Stainless steel anodes ( alligator clips, screen what ever) 

Aluminum foil for the anode base contact

wash tubs, (obviously)

Coffe filters for filtering, a bucket for filtering ( i use a mop bucket and suspend the strainer over it to filter)

Jug able to hold electrolyte and water for precipitain, and can withstand a lil heat due to reaction of water and acid.

I use sulfuric acid ( rooto drainopener) Its more concentrated than battery acid and cheaper.

Glycerin, i use lab grade

( for a 4 cup pyrex beaker, you use 2 cups sulfuric acid, and 1/4 tspoon glycerin for your solution) Im sure there is other mixtures to use, thats what i use.


of course smelting equipment and a suitible flux


----------



## lazersteve (Mar 8, 2007)

Here's a few miscellaneous items in addition to Socorbans excellent list:

Safety Equipment (gloves and glasses)
Flat SS Bar (1/2" x 1/8" x 1') - Anode bus bar for better connections
SS Wire 19 Guage - Anode bus bar hangers 
Plasic Strainer (works better than SS since it doesn't corrode)
3-4 Sets of small SS hemostats good for certain scrap ( not required )
SS Flatware butter knife (great anode for edge connectors)
Cover for cell
Plastic container for stripped scrap
Gallon Ziplocs for used filters
Distilled Water -2 gallons
Household Solid Copper wire for joining alligator clips or hangers
Cardboard to cover work area table top
Wet wash cloth for miscellaneous quick wipe ups or splashes

Steve


----------



## socorban (Mar 8, 2007)

between the two of us, that covers just about everything, thanks steve for puttin the final touches on the list.


----------



## Noxx (Mar 8, 2007)

Ok, Thanks !
I'll go to wal-mart in a few minutes 
When I'll come back, I will update this post to make a big list.


----------



## Fever (Apr 1, 2007)

lazersteve said:


> Here's a few miscellaneous items in addition to Socorbans excellent list:
> 
> Safety Equipment (gloves and glasses)
> Flat SS Bar (1/2" x 1/8" x 1') - Anode bus bar for better connections
> ...



Steve- I have a question about the SS materials.

Does the series number matter?
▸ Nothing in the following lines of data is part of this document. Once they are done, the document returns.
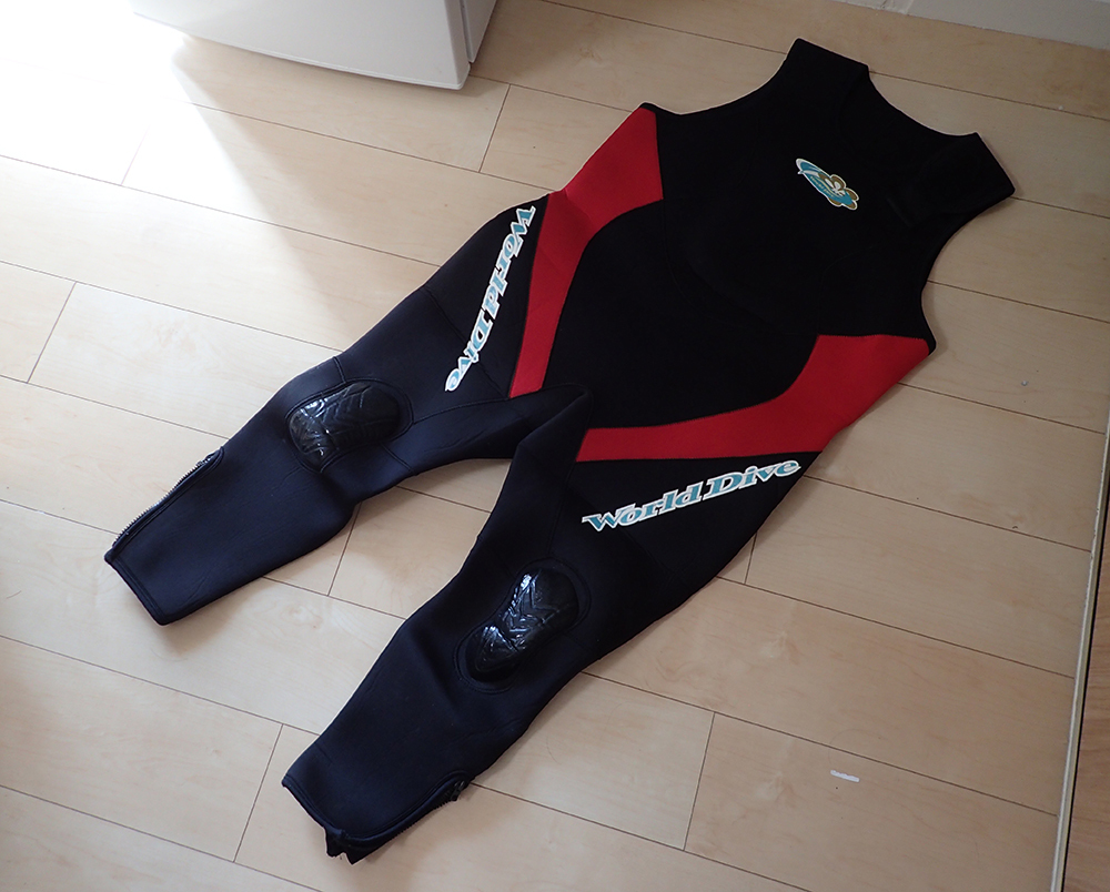 ワールドダイブ製5mm厚、ロングジョンです。外側・内側ともジャージです。 知人からの委託品なので詳細不明なのですが、ファスナーや膝パッド、肩のベルクロなどを見ると新品未使用品(自宅保管品)のようです。 ジャケットはありません。 厚み1mm程度の薄いネオプレーン製インナー(短パン、長袖インナー)をセットで。ウエットを脱いで、すぐ水着姿になりたくない人に、お勧めです。 こちらは使用品です。出品前に自宅で洗濯しておきました。 サイズを平置きで、 ロングジョン/身幅46cm、肩から股まで67cm、股下60cm。 長袖インナー/腕の長さ50cm、身丈59cm、身幅45cm。 短パン/また上35cm、また下39cm、胴回り40cm。 恐れ入りますがノークレーム・ノーリターンでお願いします。 |
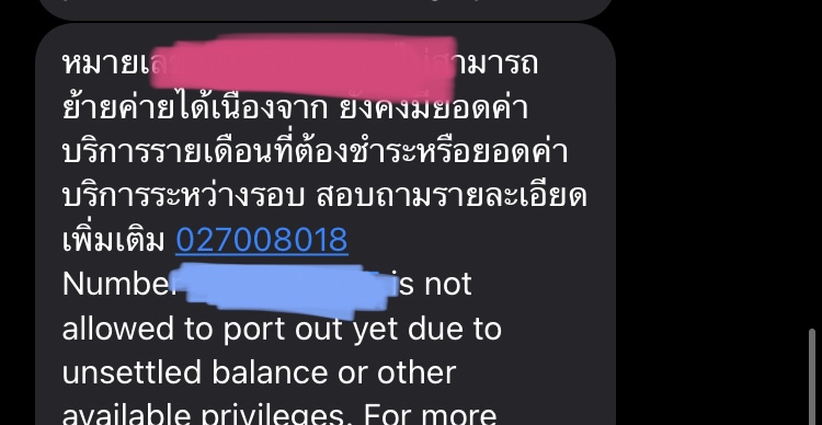 ย้ายค่ายทรูไม่ได้เพราะ “ค้างชำระค่าบริการ”
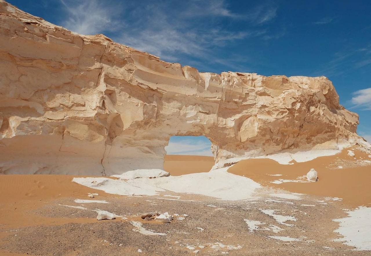 Arrive at the White Desert National Park, known for its otherworldly chalk formations shaped by centuries of wind erosion.
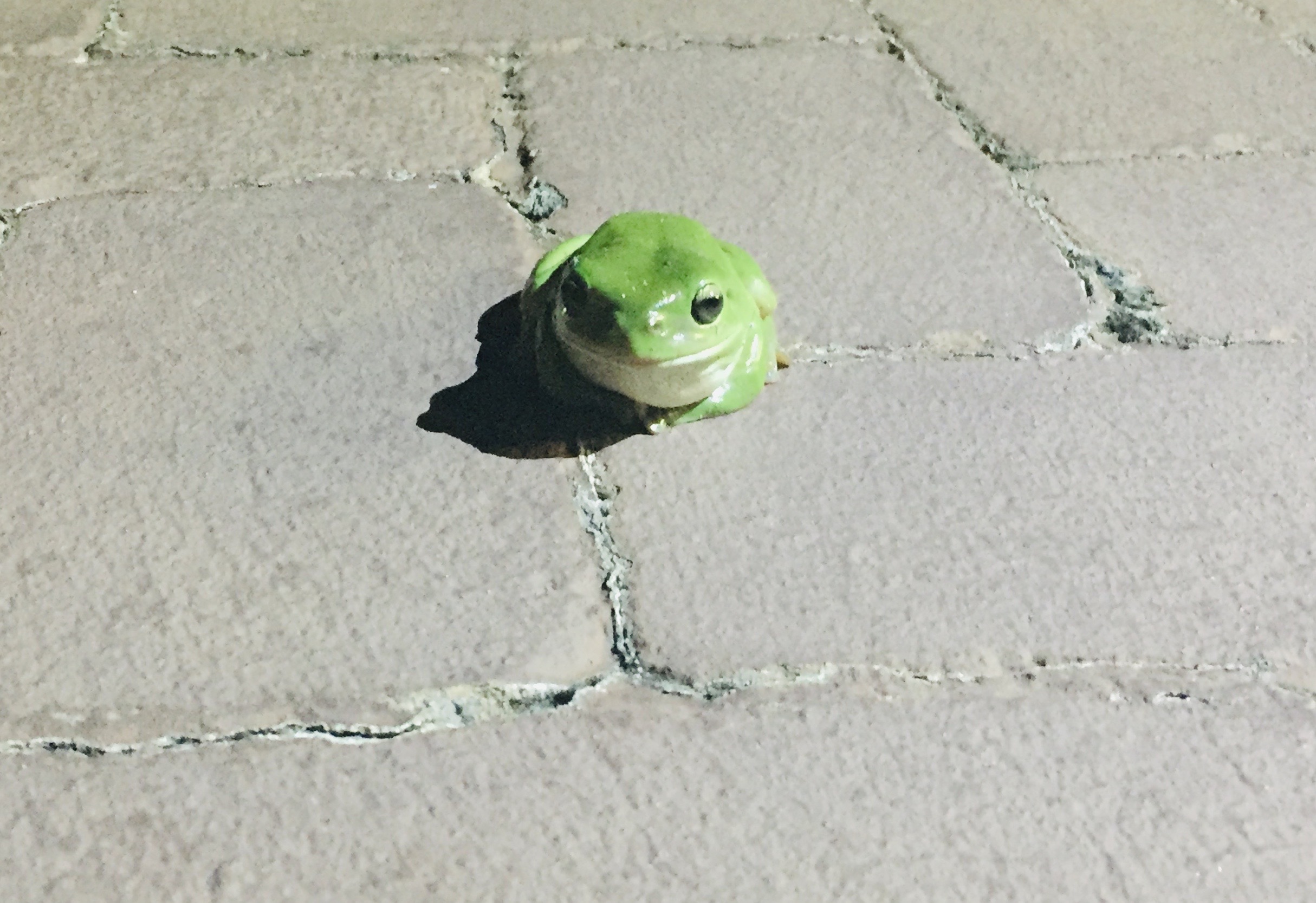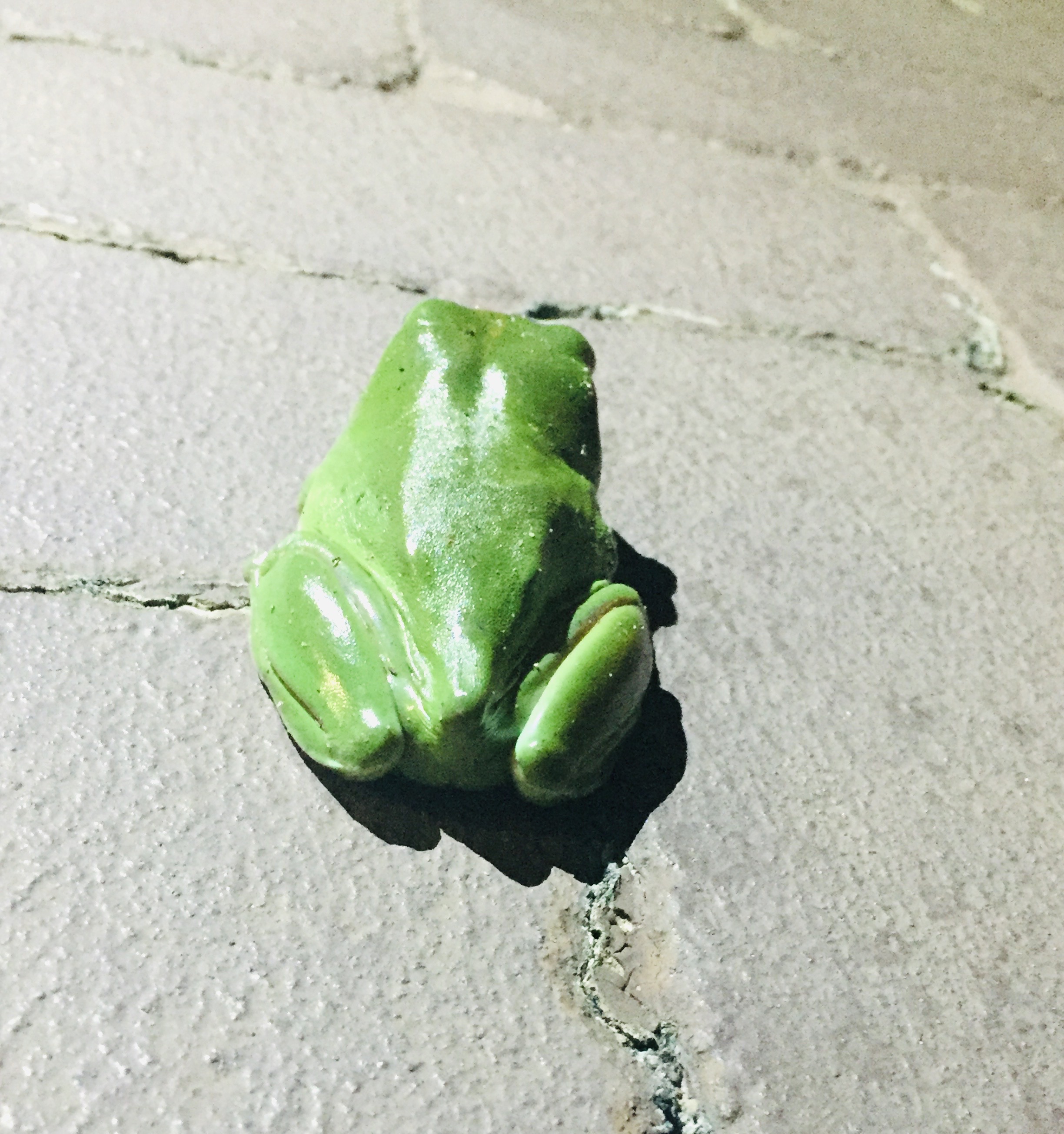 This little green frog did not make a grand appearance like the possum who rang the door bell. This little fellow arrived very quietly and undercover sitting in the dark on the pavers out the front of our home. He was very stealth like. Thankfully I did not walk on him, they make a very loud noise when trodden on. And rightly so!
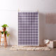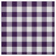 Stylish geometric fabric features a bold purple and white gingham pattern. Purple, lavender, and white squares form a bold, buffalo plaid.
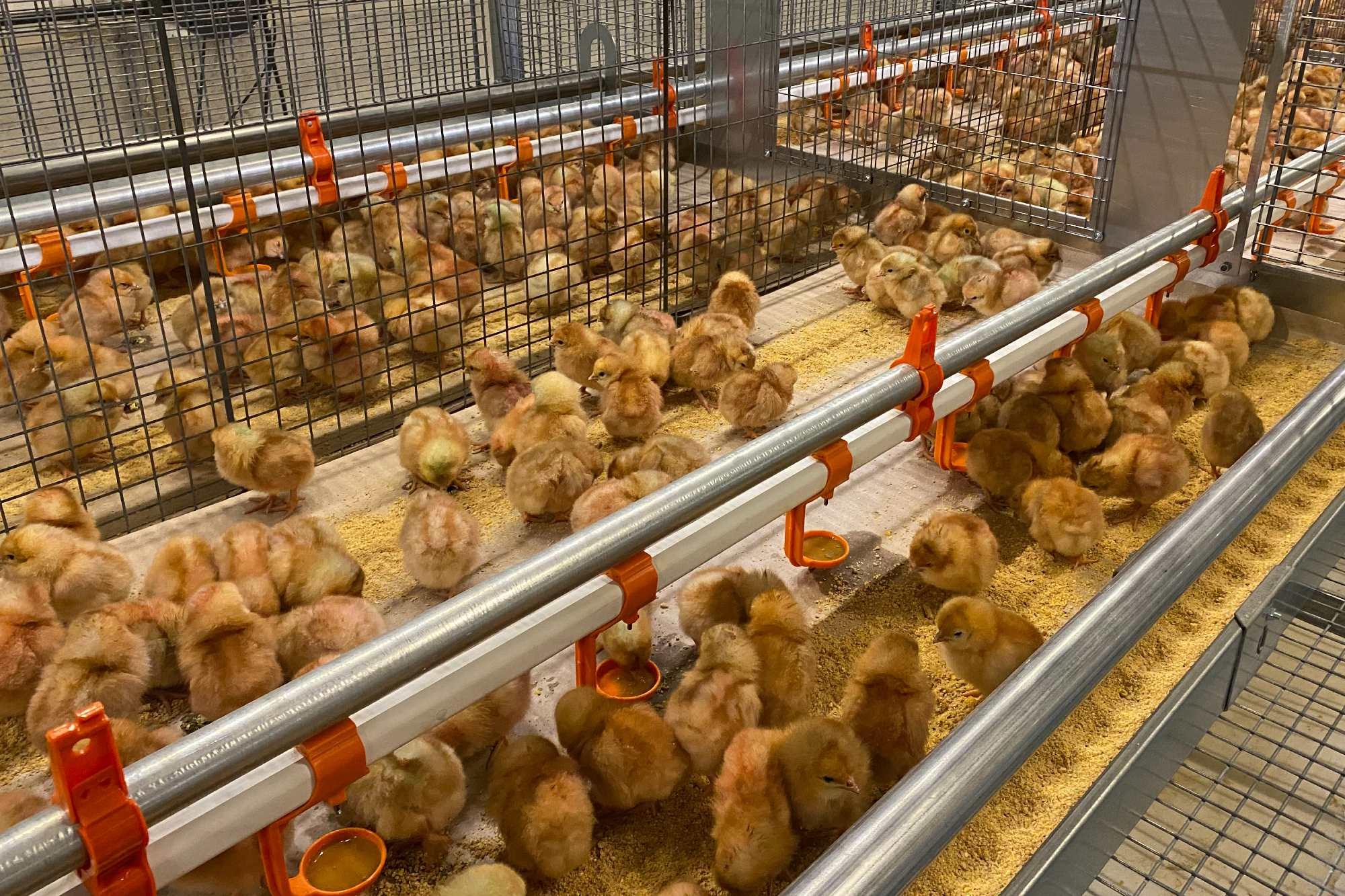 Legenda: Primeiras pintainhas desembarcadas hoje (3) na granja 4.0, construída pelo grupo Mantiqueira no modelo cage free
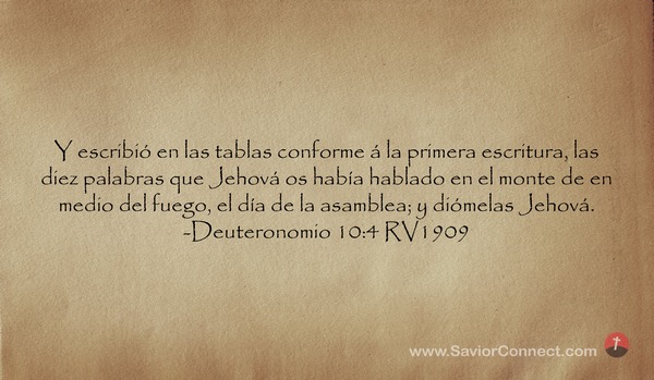 Y escribió en las tablas conforme á la primera escritura, las diez palabras que Jehová os había hablado en el monte de en medio del fuego, el día de la asamblea; y diómelas Jehová. -Deuteronomio 10:4 RV1909

I would suspect that a 300 series, completely non-magnetic alloy such as 316 would be best. Regardless of the particular series, I would think any non-magnetic series would be preferred. Also, where's a good source for SS aligator clips?

Thanks..... Fever


*EDIT*

I just found another post with your source contact. Thanks...


----------



## postmako (Jul 6, 2007)

socorban said:


> Glycerin, i use lab grade



Where does one obtain Glycerin? Any links or pictures?

Thanks in advance...


----------



## Noxx (Jul 6, 2007)

I bought mine at my local drug store. Easy to obtain.


----------



## postmako (Jul 6, 2007)

Noxx said:


> I bought mine at my local drug store. Easy to obtain.


How many liters and how much was it roughly?


----------



## aflacglobal (Jul 6, 2007)

(postmako)
If someone says they can't reach this man, i know they are lying. look at the contact options. lol


----------



## Noxx (Jul 6, 2007)

100ml for 5$. I know it's expensive but you don't need much (or even don't need it at all)


----------



## postmako (Jul 6, 2007)

aflacglobal said:


> (postmako)
> If someone says they can't reach this man, i know they are lying. look at the contact options. lol


Hehe, yeah I've been around for quite some time. My ICQ number is 4587200 which as you can tell is about 10 years old!


----------